All lines below starting at the one that holds "Продаётся 4-комнатная квартира" and ending at the one that holds "Description de la" should be printed exactly, ends included. Pictures should not be printed, nor anything else.

*** MATERIAL SUPPLIED ***

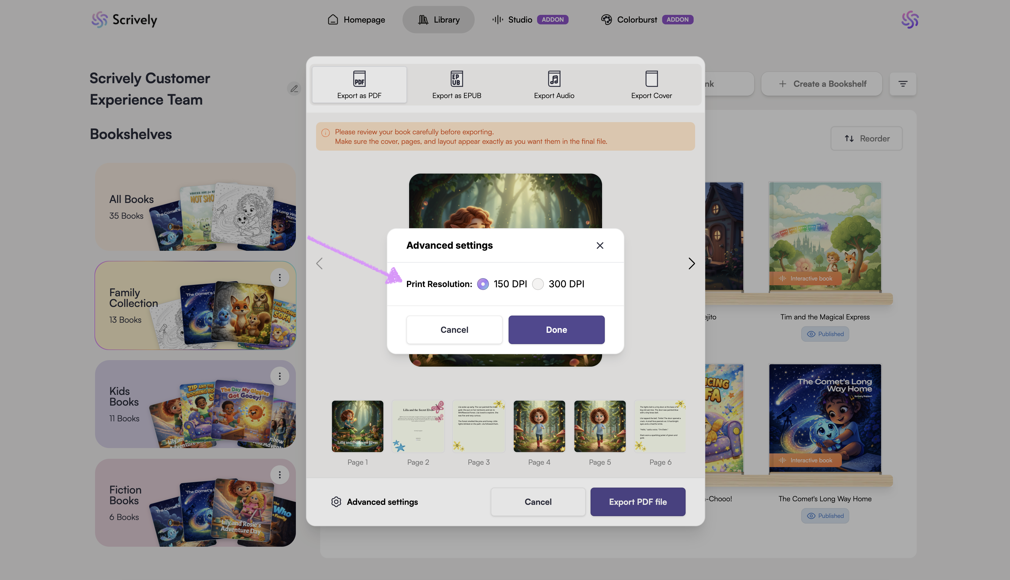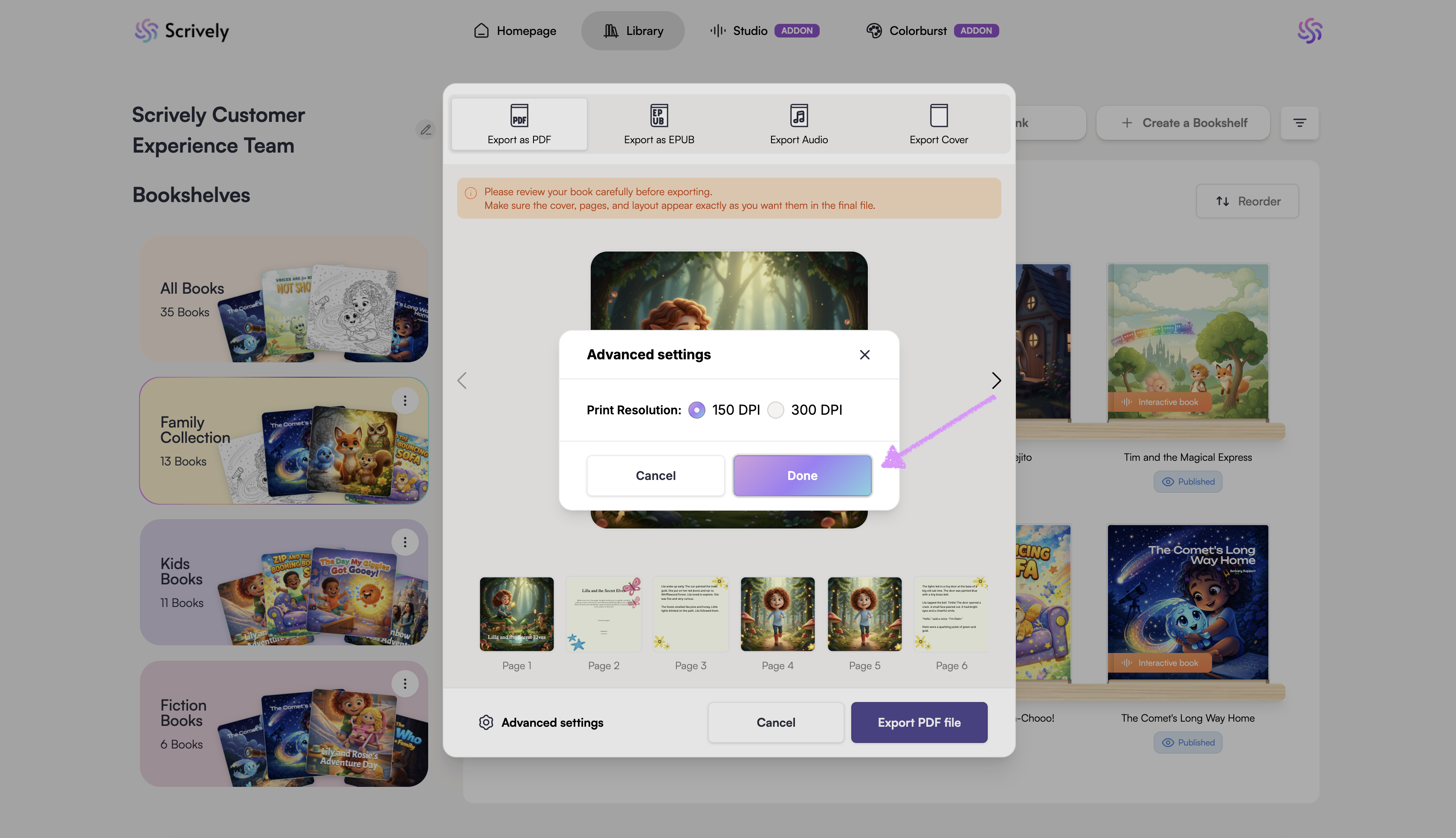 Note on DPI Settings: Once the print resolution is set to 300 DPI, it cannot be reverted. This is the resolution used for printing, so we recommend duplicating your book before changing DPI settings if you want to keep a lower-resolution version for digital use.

***
*** MATERIAL SUPPLIED ***

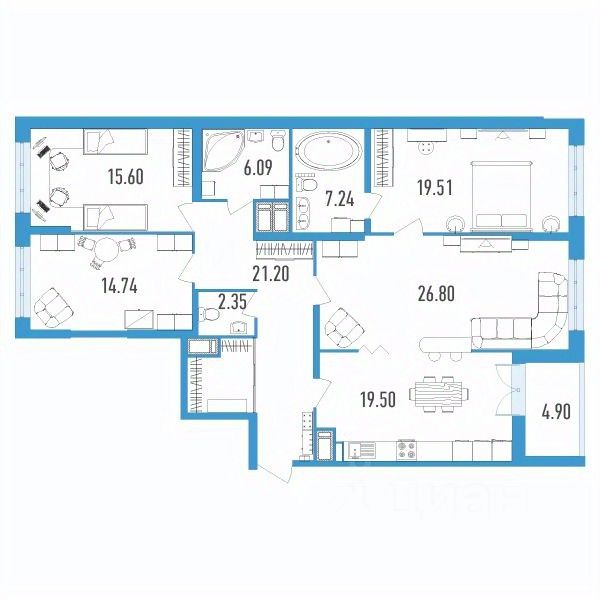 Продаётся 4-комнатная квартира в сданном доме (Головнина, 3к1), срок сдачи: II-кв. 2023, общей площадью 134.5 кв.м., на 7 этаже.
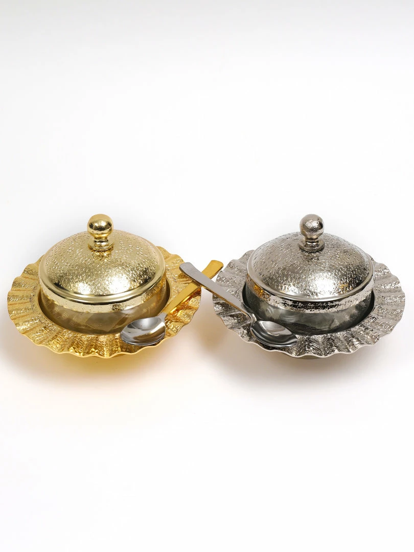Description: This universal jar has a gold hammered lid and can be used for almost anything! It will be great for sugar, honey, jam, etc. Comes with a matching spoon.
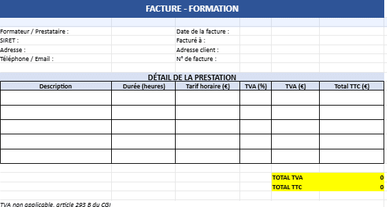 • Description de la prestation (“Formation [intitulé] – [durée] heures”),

***

_OUTPUT BELOW_
 Продаётся 4-комнатная квартира в сданном доме (Головнина, 3к1), срок сдачи: II-кв. 2023, общей площадью 134.5 кв.м., на 7 этаже.
Description: This universal jar has a gold hammered lid and can be used for almost anything! It will be great for sugar, honey, jam, etc. Comes with a matching spoon.
 • Description de la prestation (“Formation [intitulé] – [durée] heures”),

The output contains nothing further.